Highlights of the ETAC discussion during the presentation follows.
ETAC Discussion
Comment - The Ascend approach is not necessarily superior to displaying the modeling analysis in an efficiency frontier, but aids the decision maker in resolving the value of risk. Decision makers will continue to use their judgment in selecting the resource portfolio and making resource acquisitions.
Question - How is the Dave Gates Generation Station treated in the modeling?
Answer - It is modeled as a must-run plant with a constant 7 megawatt (MW) output. It may be possible to address the ancillary services potential of this plant in the future.
Question - Is the combined cycle gas-fired plant assumed to be water or air cooled?
Answer - Air cooled. We recognize that air cooling is a conservative assumption but seems appropriate for MT given the limited availability of water rights.
Question - One of the parameters you use to compare resources is maximized revenue. Why did you choose this parameter rather than minimizing cost?
Answer - Maximizing revenues reflects the fact that NWE can sell into the market. However, maximizing revenues minimizes costs by default.
Question -What time period do you use looking back?
Answer - We start with a monthly period to allow for adjustments to resource operation, e.g. heat rates, with time.
Question - What portfolios did you examine to analyze the hydro acquisition?
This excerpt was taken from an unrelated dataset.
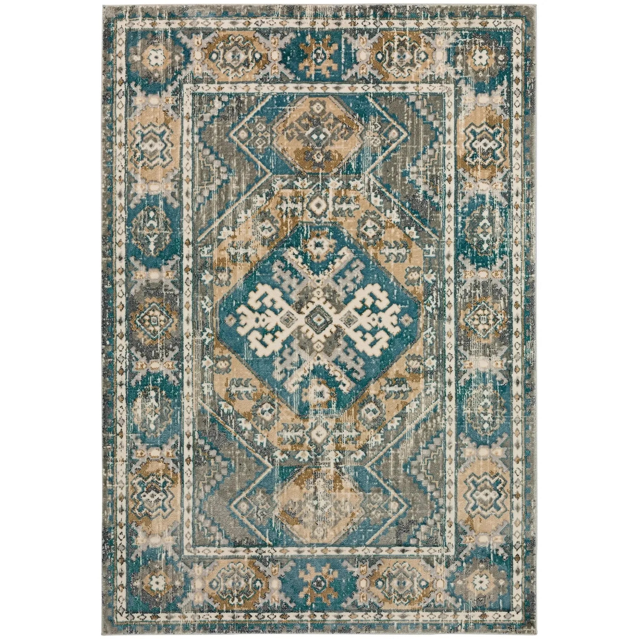 The Parisa PSA06 Denim/Multi Rug comes in various sizes, including 2x10, 5x7, 8x10, 8x11, 9x13, and 12x15 feet, accommodating different room dimensions.

Answer - A base or market case, a combined cycle plant case, and the hydro case.
Question - What data was used for the hydro plants?
Answer - We used historic hydro plant data and replicated it through time. We have five years of monthly data augmented with five years of hourly data. We did a statistical analysis of the Rainbow plant to see how it would have operated given its upgrade from 30 MW to 60 MW.
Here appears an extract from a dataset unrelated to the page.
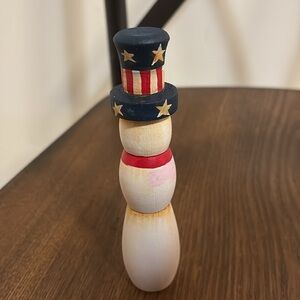 Add charm to your holiday decor with this delightful snowman figurine. Featuring a vibrant red scarf and a patriotic blue hat, it's perfect for bringing festive cheer to any space. Wooden spindle

Question - So the historic data were extrapolated into the future?
Answer - We used historic relationships between generation, prices and load to do so.
Question - How did you calculate the 439 MW capacity for the hydro plants?
Answer - We summed the total of the individual plants and subtracted the Kerr capacity because its ownership will shift to the Confederated Salish and Kootenai Tribes in 2015.
Question - Will the modeling for the advanced approval application to the MPSC dispatch the hydro?
Answer - The hydro plants will not be dispatched directly; their capability will be offset.
Question -Does each of the stochastic runs draw from a distribution of water years?
Answer - Yes.
Question - Given the fact that precipitation changes and the hydro plants do not last for ever, how do planners typically value hydro assets?
Answer - Necessary maintenance is included in the operation budget. Water rights are assumed in perpetuity.
Comment -Hydro plant operation is subject to Federal Energy Regulatory Commission (FERC) licenses which are of finite duration.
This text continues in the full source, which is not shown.